Although transmission of Zika virus (ZIKV) in the Americas has greatly declined since late 2017, recent reports of reduced risks of symptomatic Zika by prior dengue virus (DENV)
infection and increased risks of
severe dengue disease by previous ZIKV or DENV
infection underscore a critical need for serological tests that can discriminate past ZIKV, DENV, and/or other
flavivirus infections and improve our understanding of the immune interactions between these viruses and
vaccine strategy in endemic regions. As serological tests for ZIKV primarily focus on envelope (E) and nonstructural
protein 1 (NS1),
antibodies to other ZIKV
proteins have not been explored. Here, we employed Western blot analysis using
antigens of 6 flaviviruses from 3 serocomplexes to investigate antibody responses following reverse transcription-PCR (RT-PCR)-confirmed
ZIKV infection. Panels of 20 primary ZIKV and 20 ZIKV with previous DENV
infection recognized E
proteins of all 6 flaviviruses and the NS1
protein of ZIKV with some cross-reactivity to DENV. While the primary ZIKV panel recognized only the premembrane (prM)

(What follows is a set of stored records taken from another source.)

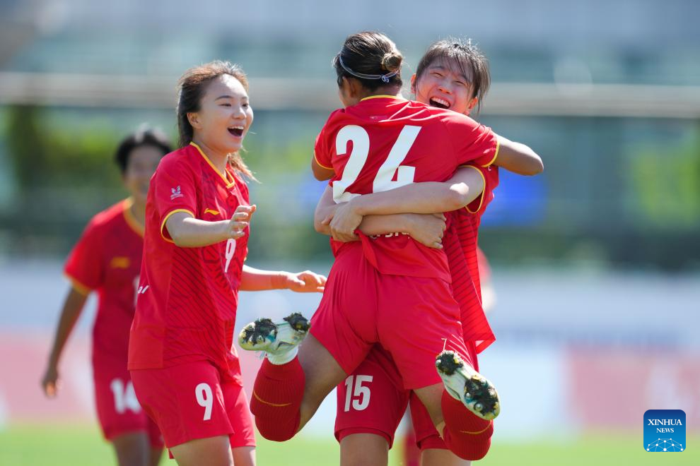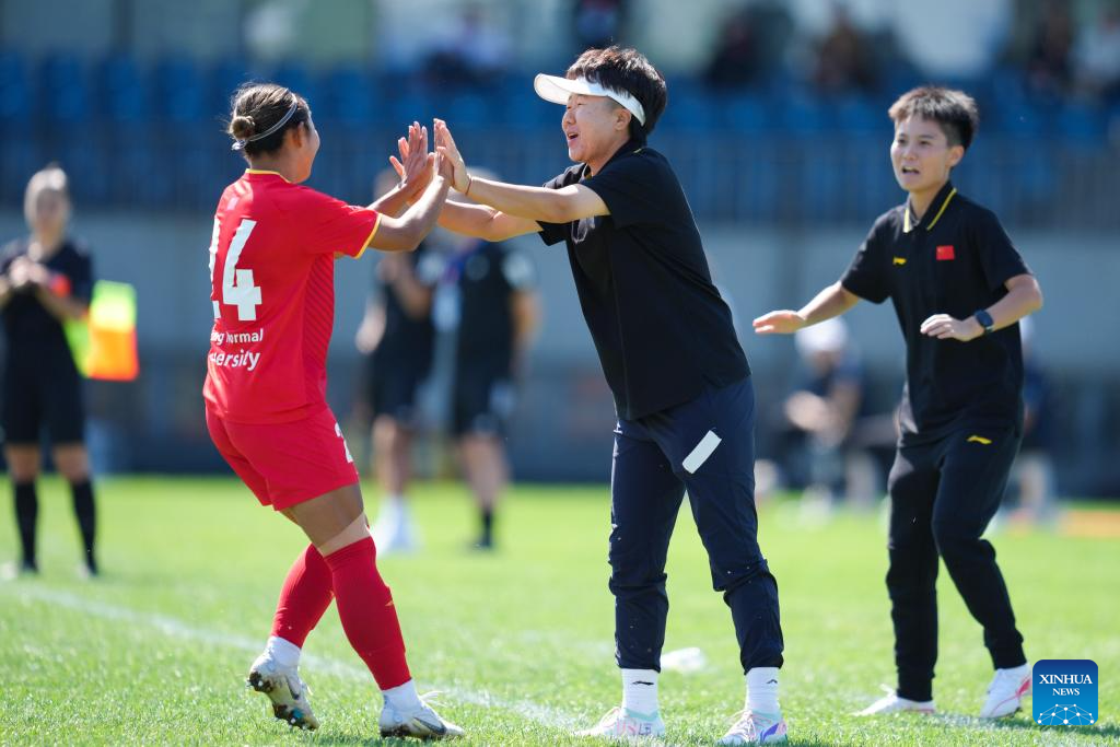 Ma Yulin (L) of Beijing Normal University celebrates with her head coach Bi Yan (C) after scoring during the Women's Group B match between Beijing Normal University (CHN) and Laval University (CAN) at 2025 FISU University World Cup Football in Dalian, northeast China's Liaoning Province, on Sept. 18, 2025. (Xinhua/Zheng Huansong)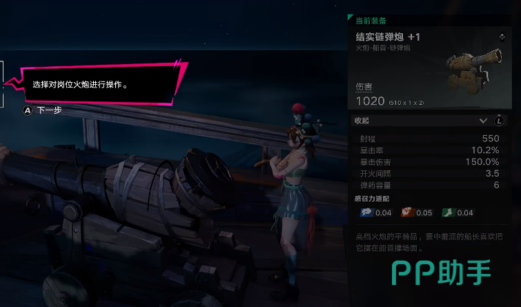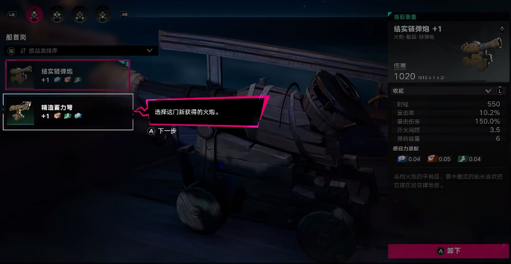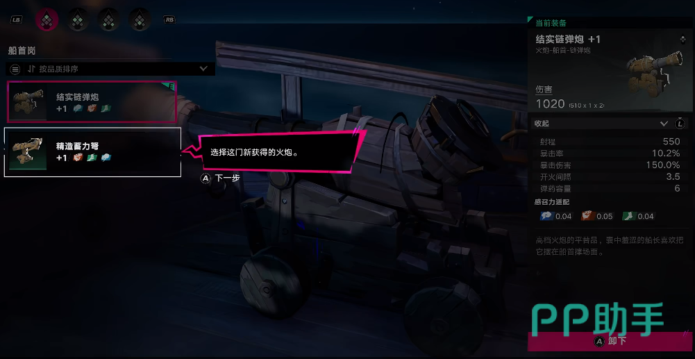 武器更换操作简洁直观:进入“岗位装配”界面,选定船首位置(结实链弹炮默认安装于此),点击当前武器图标即可触发替换或卸载指令。确认后进入武器库页面,所有已获取武器将按类型与等级清晰罗列,支持一键装配。例如,通过战斗掉落获得的“精造蓄力弩”,即具备明显射程优势,可直接替换结实链弹炮,大幅提升中远距离压制能力,为后续高难度海域挑战奠定基础。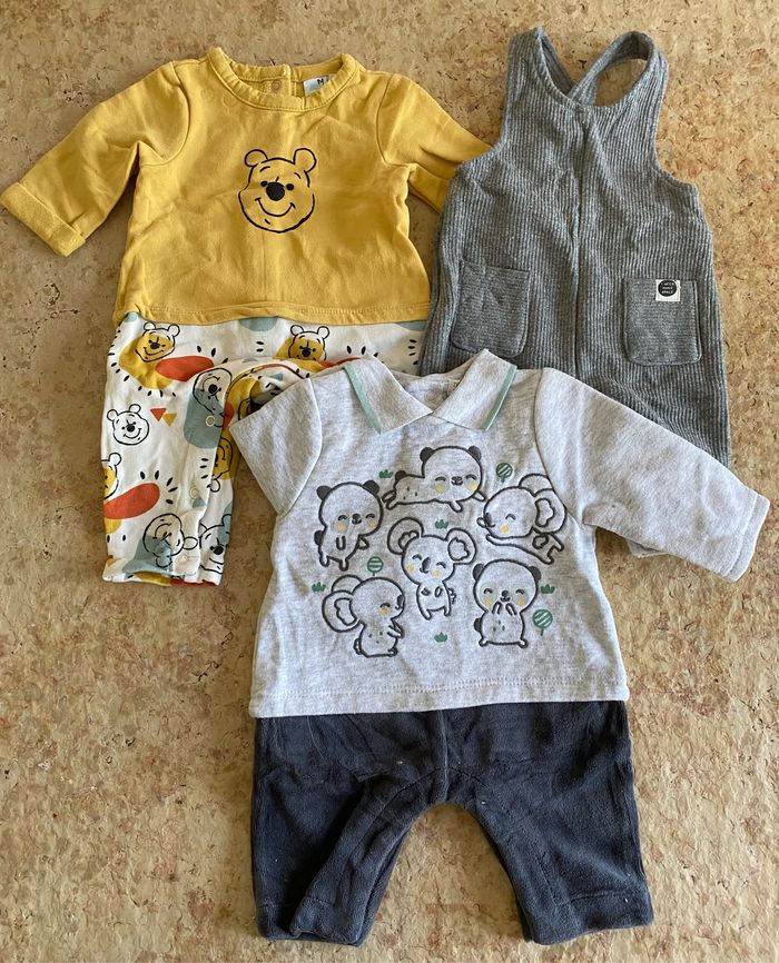 Lot de 3 salopettes chaudes 2 manches longues (Orchestra + DPAM) 1 sans manche Kiabi Très peu porté Maison non fumeur Remise activée sur les lots Envoi rapide et soigné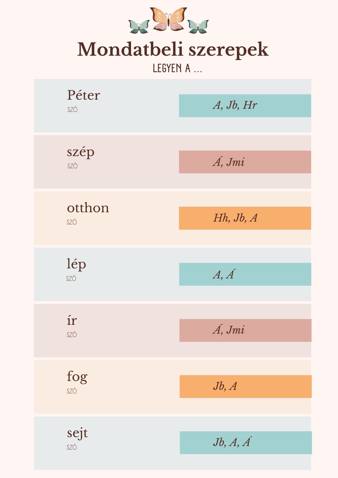 - mondatrészek (jelzők, határozók, alany, állítmány, tárgy) és kérdeseik

protein of ZIKV, the ZIKV with previous DENV panel recognized both ZIKV and DENV prM
proteins. Analysis of antibody responses following 42 DENV and 18 West Nile virus
infections revealed similar patterns of recognition by anti-E and anti-NS1
antibodies, whereas both panels recognized the prM
protein of the homologous serocomplex but not others. The specificity was further supported by analysis of sequential samples. Together, these findings suggest that anti-prM antibody is a flavivirus serocomplex-specific marker and can be used to delineate current and past
flavivirus infections in endemic areas. IMPORTANCE Despite a decline in Zika virus (ZIKV) transmission since late 2017, questions regarding its surveillance, potential reemergence, and interactions with other flaviviruses in regions where it is endemic remain unanswered. Recent studies have reported reduced risks of symptomatic Zika by prior dengue virus (DENV)
infection and increased risks of
severe dengue disease by previous ZIKV or DENV
infection, highlighting a need for better serological tests to discriminate past ZIKV, DENV, and/or other
flavivirus infections and improved understanding of the immune interactions and
vaccine strategy for these viruses. As most serological tests for ZIKV focused on envelope and nonstructural
protein 1,
antibodies to other ZIKV
proteins, including potentially specific
antibodies, remain understudied. We employed Western blot analysis using
antigens of 6 flaviviruses to study antibody responses following well-documented ZIKV, DENV, and West Nile virus
infections and identified anti-premembrane antibody as a flavivirus serocomplex-specific marker to delineate current and past
flavivirus infections in areas where flaviviruses are endemic.